副業人材を受け入れる理由は「多方面のスキル」や「生産性への期待」など
続いて、「非常に受け入れたい」および「受け入れたい」とした回答者75名にその理由を聞くと、最も多かったのは「副業人材は多方面のスキルを持っていて優秀だと考える」で、50.7%と半数が回答。以降、「副業人材は生産性が高いと考える」(38.7%)、「副業人材は人脈が広く自社の事業機会拡大につながる」(37.3%)が上位だった。・異業種との人脈に期待できる(56歳)
・技能スキルがあれば短い時間でも効率的な仕事がこなせる(67歳)
・仕事の幅を拡げるきっかけになれば(74歳)
・ある特殊な技術知識を持つ人材は貴重でなかなか探せないが、副業人材にはそのような人材がいるのではと思う(62歳)
約6割が副業の受け入れで「生産性・業績アップ」を実感
次に、「副業人材の受け入れが、会社の生産性向上や業績アップにつながっていると感じるか」と尋ねた。すると「非常に感じる」が11.8%、「感じる」が51.8%となり、合計63.6%が良い影響を及ぼしていると実感していることがわかった。事業好転の理由は「事業の幅が広がった」など
先述の「良い影響がある」と感じる回答者70名に「その要因」について挙げてもらうと、44.3%が「専門性の高い分野を副業で補うことで事業の幅が広がった」と回答。次いで、「人材を適材適所に配置することができ、社員ひとりひとりの生産性が上がった」と「副業を受け入れ始めたことで、優秀人材が集まりやすくなった」が共に32.9%で上位回答となった。・業務内容など、今まで気がつかなかったことを教えられた(47歳)
・新規事業に繋がった部分もあり、新規営業や継続サポート等でそれぞれのスキルが上がった(54歳)
・適材適所で、人と能力が必要な部分に投資できる(50歳)
・既に副業で個人的な事業経験があり、人材や社会的経験も豊富で会社へのさまざまなプラスがある(55歳)

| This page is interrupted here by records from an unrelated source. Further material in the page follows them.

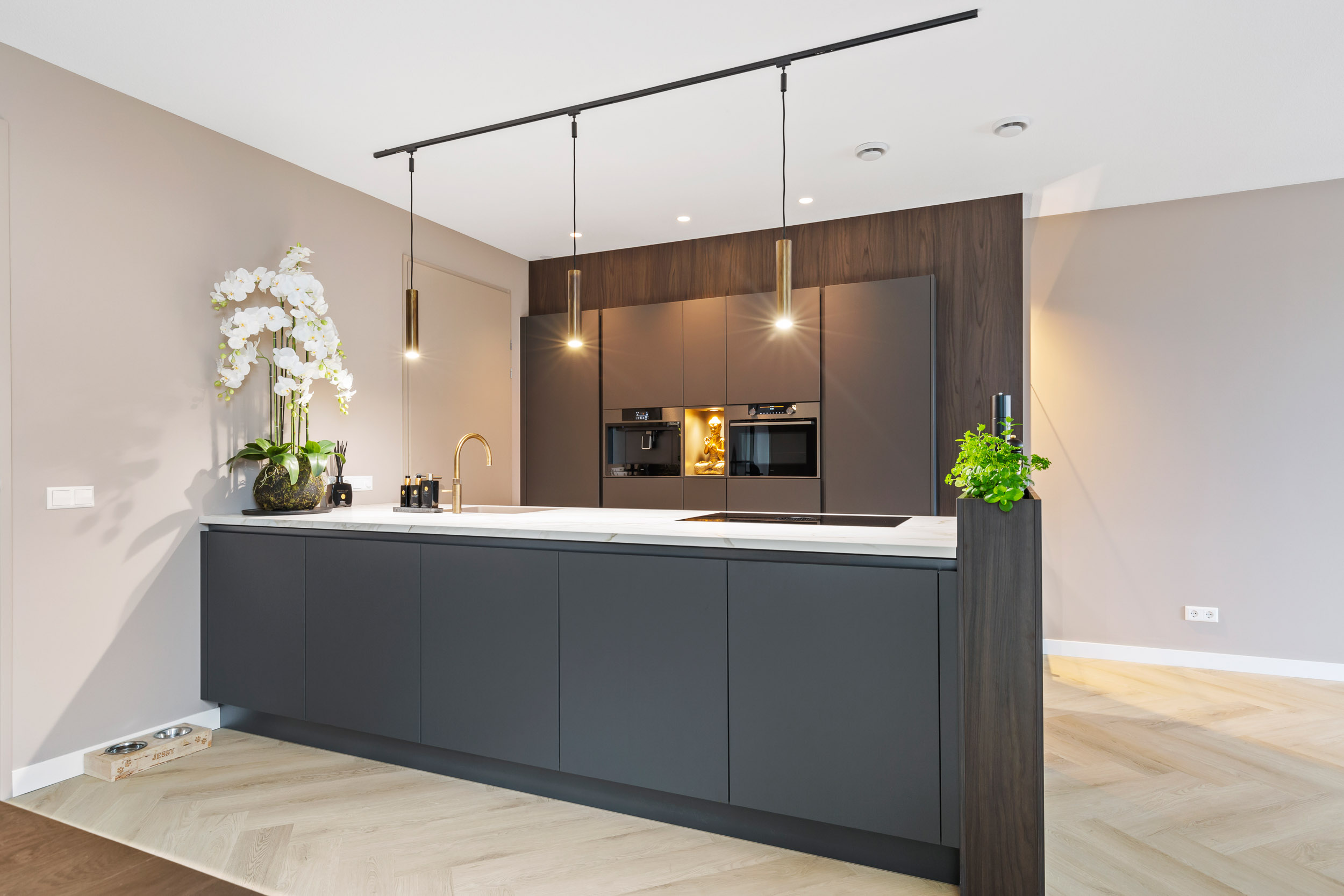 Een greeplijst is een bepalend detail voor de sfeer in de keuken. Subtiel en rustig in RVS, krachtig in zwart of juist luxe in goud of donker geborsteld messing. Een push-to-open systeem (zonder greeplijst) behoort uiteraard ook tot de mogelijkheden binnen een greeploze keuken.
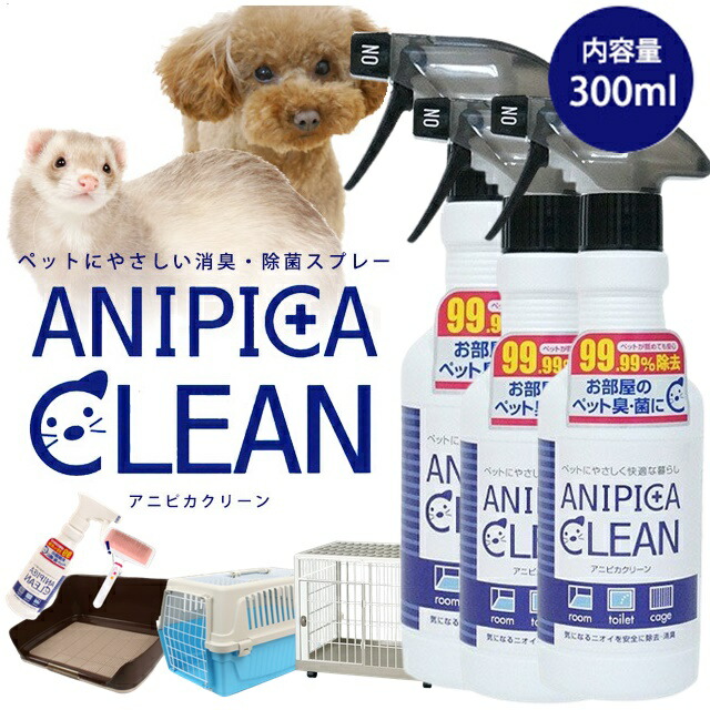 3個セット 除菌消臭後に水になる 強力な消臭力 犬 猫 ペット 消臭スプレー 消臭水 消臭 消臭液 ふん尿 トイレ 汚物 除菌 ケージ ゴミ箱 ペットシーツ 砂 オシッコ 掃除 マーキング防止 アンモニア臭 おもちゃ除菌 アニピカクリーンスプレー300mlサロン ブリーダー愛用
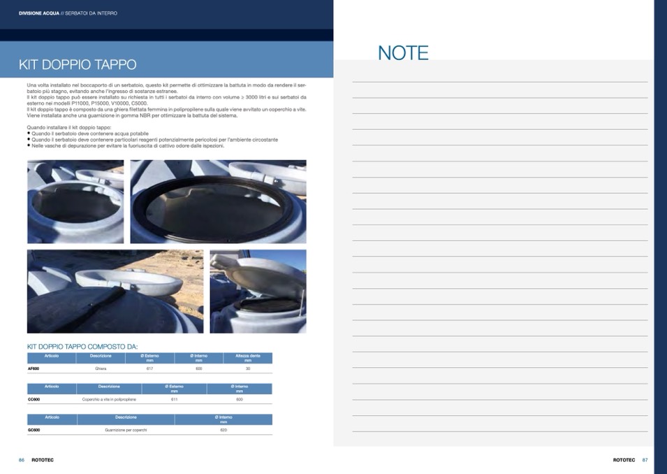 Il kit doppio tappo è composto da una ghiera filettata femmina in polipropilene sulla quale viene avvitato un coperchio a vite.
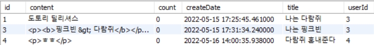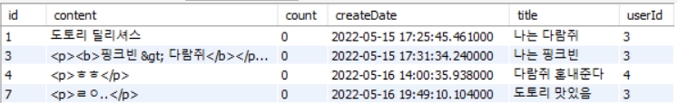데이터베이스를 확인해도 정상적으로 삭제된 것을 볼 수 있다.
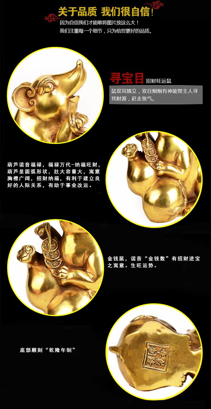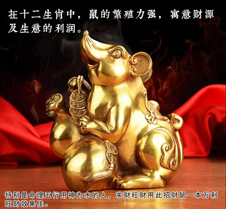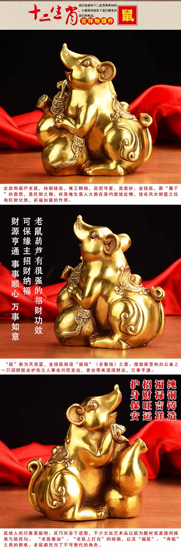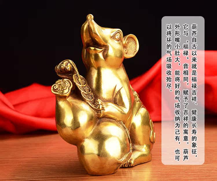 开光纯铜十二生肖鼠招财老鼠摆件铜葫芦鼠摆件老鼠子鼠摆件

・社員にない知識を持つ人材の投入により、今までできなかったことも可能になる(62歳)
副業人材受け入れの課題は「自社の機密情報漏洩のリスク」が最多
最後に「副業人材を受け入れる上での課題」を尋ねた。その結果、「自社の機密情報漏洩のリスク」が40%と最も多く、以降、「他の会社での業務も含めて業務量を把握して仕事を割り当てるのが難しい」(34.5%)、「副業人材のための人事評価制度を確立する必要がある」(23.6%)で上位となった。・就業規則の変更(46歳)
・顧客や、ノウハウを盗まれる可能性(47歳)
・副業により本業がおろそかにならないように成果主義を確立すること(58歳)
・トラブルや失敗した時の対応と、責任の取り方(58歳)
・他の仕事の影響による急な休みを承知していなければならない(67歳)
副業人材の受け入れにより、さまざまな面で企業に好影響がもたらされる可能性があるようだ。一方で、社内のルール整備や意識醸成など、副業を受け入れる側の環境整備も必要となる。企業はそのことを踏まえつつ、事業成長のきっかけとなる専門性の高い副業人材の活用を検討してみても良いのかも知れない。